В сквере за окном ярко цвели бордовые георгины, а с неба падали снежинки, сначала редкие и легкие, их кружило ветром, и казалось, что это перед теплом толкется мошкара, потом полетели гуще и крупнее, ветер стихал, и белые хлопья ровно ложились на зеленые газоны, на цветы, на лимонную листву с облетевших тополей. «Рано ты пожаловала, красавица», — мысленно укорил снежную заметь Василий Глыбин, сидевший в зале, у самого окна, полузакрытого тяжелой шторой.

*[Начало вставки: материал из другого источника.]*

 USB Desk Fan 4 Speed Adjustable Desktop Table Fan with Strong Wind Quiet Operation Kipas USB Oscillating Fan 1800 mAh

Сессия райсовета длилась уже четыре часа, Глыбин выступил еще до первого перерыва и теперь ждал только заключительного слова Стремутки. В том, что Петр Стремутка будет «выправлять загибы депутата Глыбина», Василий не сомневался, — это уж не один год ведется между ними, когда один «загибает», другой выпрямляет, и все, кто их знал, давно к этому привыкли, — и все же Василий ждал с интересом, что на этот раз ответит председатель исполкома. Но… Петр Иванович Стремутка не удостоил Василия Васильевича Глыбина ответом с трибуны. Обошел молчанием. Не счел нужным останавливать внимание.
Глыбин от удивления гмыкнул: «Гм, это как же понимать? Признал или отмахнулся?» Он опять посмотрел в окно, и в облепленных снегом цветах почудилось ему что-то трагическое. «Да ведь они уже мертвые!» — осенило его. Снег растает, но цветы почернеют и поникнут, они убиты, и это свершилось в считанные минуты, на его глазах. Как просто! Была краса — и вот уже нет ее. Будет другое — белое и холодное. «Ну что ж, делают и так: ты говори — я молчать буду, надоест — перестанешь».

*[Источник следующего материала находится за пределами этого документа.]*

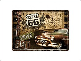 Plechová cedule Route 66, Drive Eat, 10x14cm
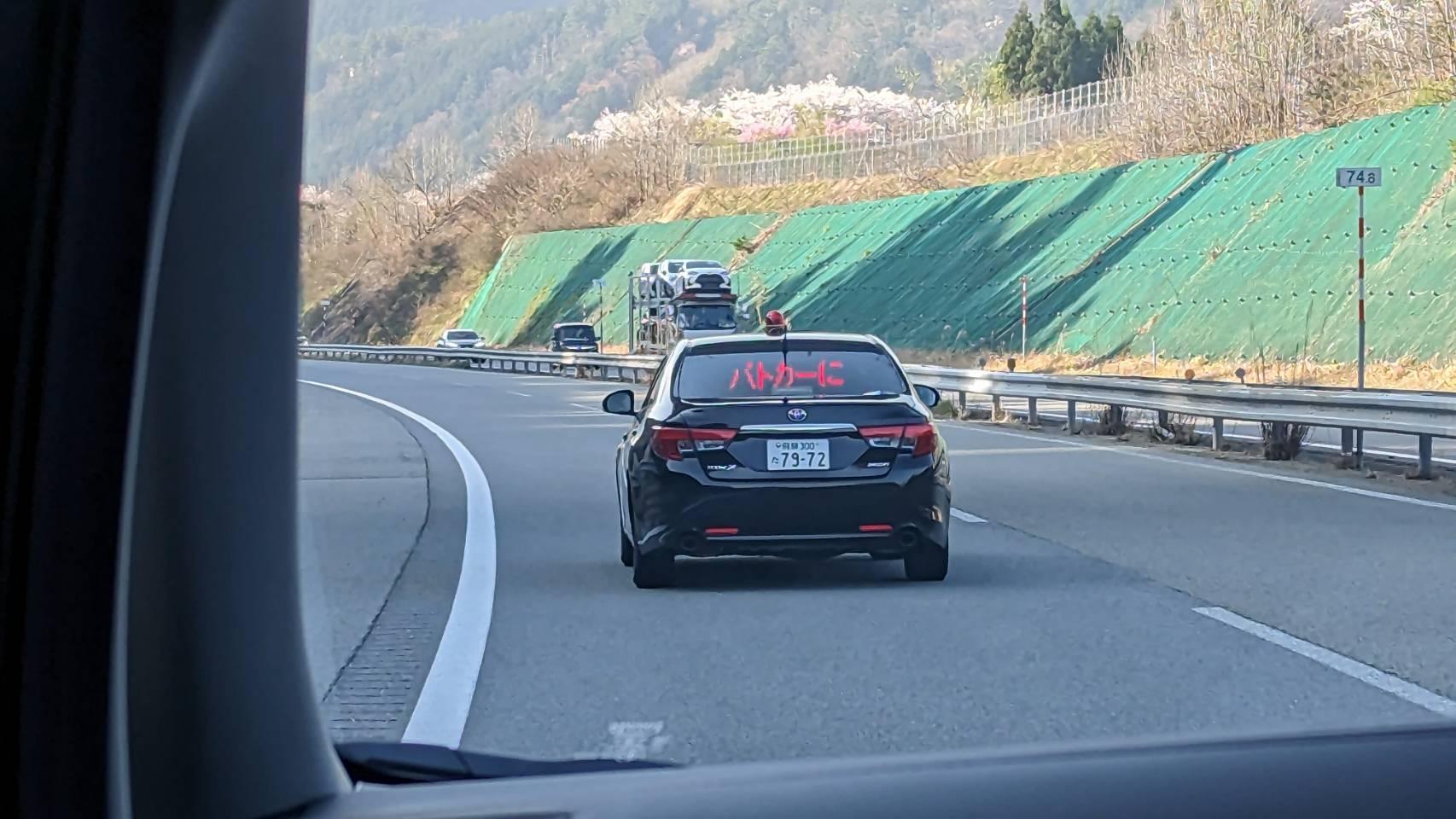言っている人がいます。車の上には赤いパトライトが...そうです黒色のマークXに乗った青い人。

В гардероб была очередь. Василий Васильевич потоптался в хвосте и вышел на крыльцо во двор, глянуть на машину. Что-то ему мешало, дожидаясь очереди, поболтать, как обычно, с мужиками, с удовольствием после двухчасового говения затягиваясь сигаретным дымом. Его «Жигули» стояли в углу двора, у забора, залепленные снегом. Заметно похолодало, и он подумал, что надо бы очистить ветровое стекло, не то мокрый снег возьмется коркой, но спускаться с крыльца не стал — мол, пять минут ничего не прибавят, не убавят — и вернулся в вестибюль. Тут его и окликнула с лестницы секретарша Стремутки:
— Василий Васильевич, вас просит Петр Иванович.

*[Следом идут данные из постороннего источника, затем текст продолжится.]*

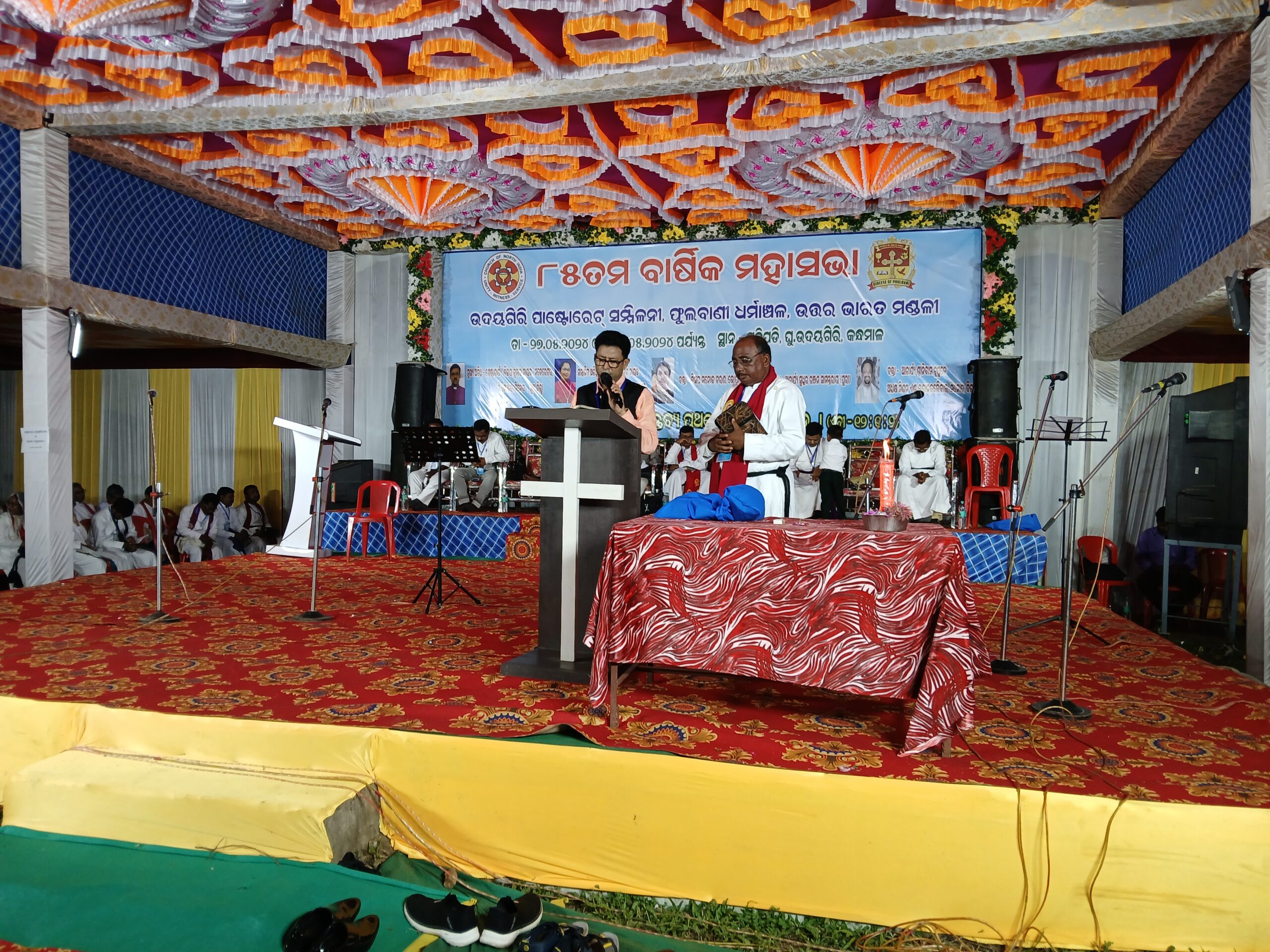 ଅନୁସନ୍ଧାନ ଭାରତ(ବ୍ୟୁର): କନ୍ଧମାଳ ଜିଲ୍ଲା ଗୁଡରି ପଡ଼ି ଠାରେ ଆଜି ଫୁଲବାଣୀ ଧର୍ମାଅଞ୍ଚଳ ଘୁ.ଉଦୟଗିରି ପାଷ୍ଟରେଟ ସମ୍ମିଳନୀ ପକ୍ଷରୁ ୮୫ତମ ମହାସଭା ମିଶନ ପଡିଆରେ ଅନୁଷ୍ଠିତ ହୋଇଛି l ଏହି ସଭାରେ ଶ୍ରେଷ୍ଠାଚାର୍ଯ୍ୟ ବିଜୟ କୁମାର ନାୟକ(ମଡରେଟର ସିଏନଆଇ, ସିନଦ ଓ ଧର୍ମାଧକ୍ଷ ଆଗ୍ରା ଧର୍ମାଅଞ୍ଚଳ ଉତ୍ତର ଭାରତ ମଣ୍ଡଳୀ) ମୁଖ୍ୟ ଅତିଥି ଭାବରେ ଯୋଗ ଦେଇ ଥିବା ବେଳେ ମହାଚାର୍ଯ୍ୟ ଭାଉଲେଟ ନାୟକ ( ଧର୍ମାଧକ୍ଷ ଫୁଲବାଣୀ ଧର୍ମାଅଞ୍ଚଳ, ଉତ୍ତର ଭାରତ ମଣ୍ଡଳୀ) ସନମ୍ମାନନୀୟ ଅତିଥି ଭାବରେ ଯୋଗ ଦେଇ ଥିଲେ l ଅନ୍ୟ ପକ୍ଷରେ ଆଚାର୍ଯ୍ୟ ସୁଧୀର ରଞ୍ଜନ ସାମନ୍ତରାୟ ସିଏନଆଇ ଚର୍ଚ୍ଚ, ପୁରୀ ବକ୍ତା ଭାବେ ଯୋଗ ଦେଇ ବାଇବଲ ଧର୍ମଶାସ୍ତ୍ରରୁ ଉପସ୍ଥିତ ଖ୍ରୀଷ୍ଟ ଶ୍ରଦ୍ଧାଳୁଙ୍କୁ ଶିକ୍ଷା ଦେଇ ଥିଲେ l ସଭାକୁ ଶ୍ରେଷ୍ଠାଚାର୍ଯ୍ୟ ବିଜୟ କୁମାର ନାୟକ ରିବନ କାଟି ଉଦଘାଟନ କରି ଥିଲେ l ଉକ୍ତ ସଭା ତିନି ଦିନ ଅନୁଷ୍ଠିତ ହୋଇ 29 ତାରିଖରେ ଶେଷ ହେବ l ଏହି ସଭାରେ କନବାଗେରି ଚର୍ଚ୍ଚର ଯୁବଯୁବତୀ ନୃତ୍ୟ ପରିବେଷଣ କରି ଥିବା ବେଳେ ସଂଗୀତ ଦଳ ସ୍ୱାଗତ ସଂଗୀତ ସହ ଖ୍ରୀଷ୍ଟିୟ ଭକ୍ତିମୂଳକ ସଂଗୀତ ପରିବେଷଣ କରି ଥିଲେ l
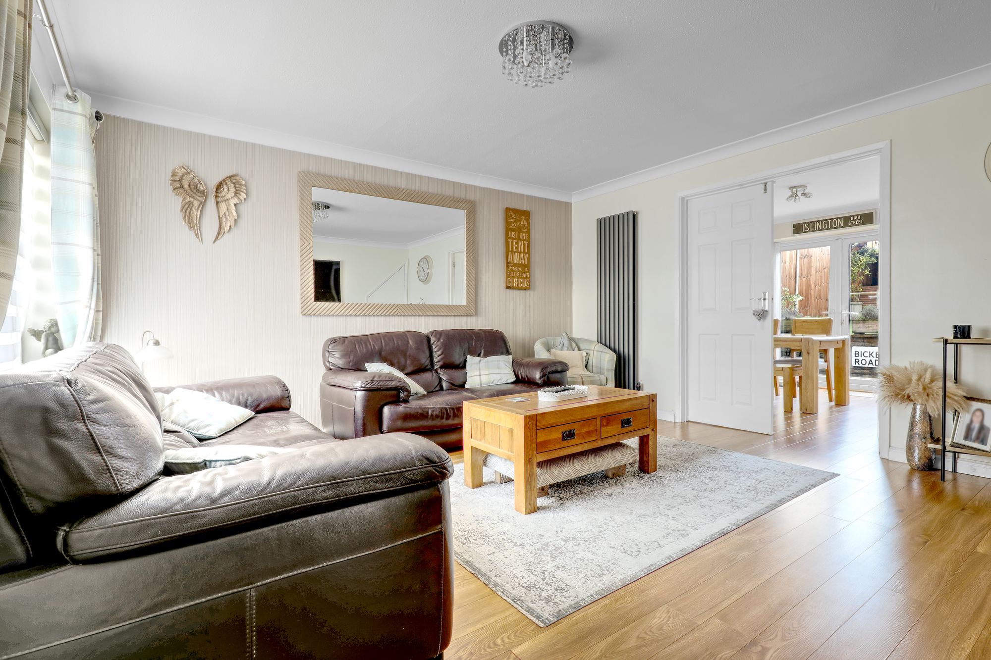 Keith Ian are pleased to offer this impressive four-bedroom, two-bathroom semi-detached house, thoughtfully designed for comfortable family living and entertaining. The home features a bright and spacious open plan kitchen and dining area, enhanced by wood effect flooring, modern decor, and seamless flow between spaces. The stylish kitchen is equipped with sleek modern units, integrated oven, and wooden countertops, complemented by a classic butler sink and a large window that frames delightful garden views. The dedicated utility room provides ample storage and ample space for a washing machine and dryer.
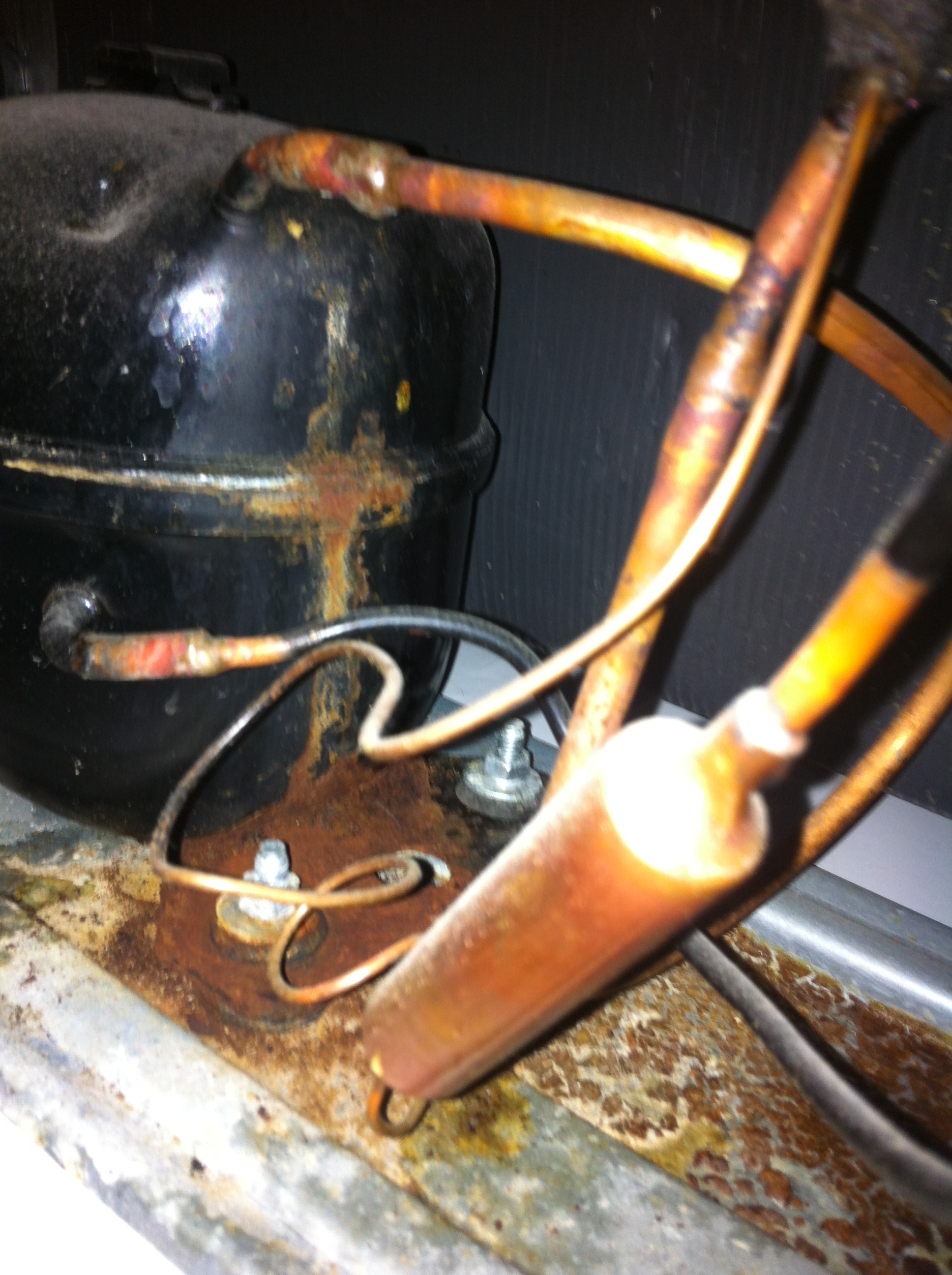 Sieht aus als würde da ne Batterie auslaufen, wobei ich nicht denke das nen Kühlschrank sowas hat. Könnte mit dem Kühlmittel zusammen hängen. Auf jeden Fall: Bäh.

— Что… просит? — рассеянно переспросил Глыбин.
— Зайдите к Петру Ивановичу в кабинет.
Глыбин полез в карман, достал сигарету и прикурил от окурка. В кабинете у Стремутки не курят, нетерпеливым он обычно говорит: «Ничего, поговеешь — поздоровеешь», даже ему, зятю, не разрешает, хотя дома, когда приходится к нему заезжать, шурин не возражает, дыми сколько влезет. Глыбин и сейчас, после сессии, собирался заехать к шурину, — там ждала его Лида, жена, приехавшая вместе с ним, чтобы походить по магазинам, — и, как всегда, рассчитывал, что за обедом они с шурином продолжат свой бесконечный диспут. Приглашение в кабинет, похоже, означало, что диспут если и будет, то не за обедом.
Глыбин бросил сигарету в урну и поднялся на второй этаж. Стремутка стоял у стола, поджидая его.
— Садись, — коротким жестом показал Глыбину на кресло и, видя, что тот не двигается от двери, повторил, чуть прибавив в голосе твердости: — Садись. Разговор продолжим тут.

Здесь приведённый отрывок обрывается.